Supondré que quiere decir que está compilando (pero no ejecutando) código no confiable que podría ser malicioso y le preocupa que su cadena de herramientas de compilación esté siendo explotada.
La respuesta es que no, no creo que sea una buena idea. En general, los compiladores no son seguros de usar con entradas no confiables.
En primer lugar, está el propio código fuente. No menciona qué idioma está importando desde github, pero si es C / C ++ (por ejemplo), puede estar sujeto a un ataque del preprocesador. Si bien no estoy seguro de que esto sea posible, no veo ninguna razón por la que no debería ser así. Sin embargo, dicho esto, hay sitios en línea de "compilador como servicio" que compilarán código arbitrario, por lo que quizás sea (o pueda hacerse) seguro.

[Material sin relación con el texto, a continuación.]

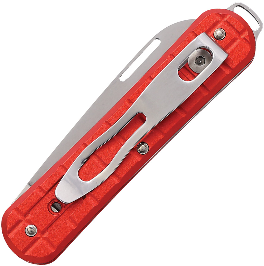 3.13″ (7.95cm) closed. 2.13″ (5.41cm) polished Bohler N690 stainless blade. Red grenade pattern aluminum handle. Lanyard hole. Thumb pull. Pocket clip. Boxed.

Sin embargo, hay mayores preocupaciones que el compilador, ya que los tipos de archivos arbitrarios pueden bajar a través de github. Por ejemplo, no hay nada que impida que un Makefile malicioso haga cosas desagradables, lo que es definitivamente posible, o un proyecto de Visual Studio que especifique un script malicioso "precompilación".
Sobre el tema de Visual Studio (supongo que estás usando una cadena de herramientas make / gcc, pero mencionaré VS por completo, y porque conozco la respuesta) debes saber que MS afirma que incluso cargar símbolos de depuración maliciosos es un riesgo de seguridad, y que el enlazador de Visual Studio no se considera seguro contra código malicioso. Un google rápido encuentra este aviso que no menciona ningún parche está disponible.
Habiendo dicho todo esto, no he oído hablar de que esto haya sucedido antes, así que supongo que depende de tu tolerancia al riesgo. Yo no lo haria Si se trata de una compilación automatizada, podría ser posible crear una cuenta de usuario desechable (tomando pasos adicionales si se pretende que su fuente se mantenga en secreto).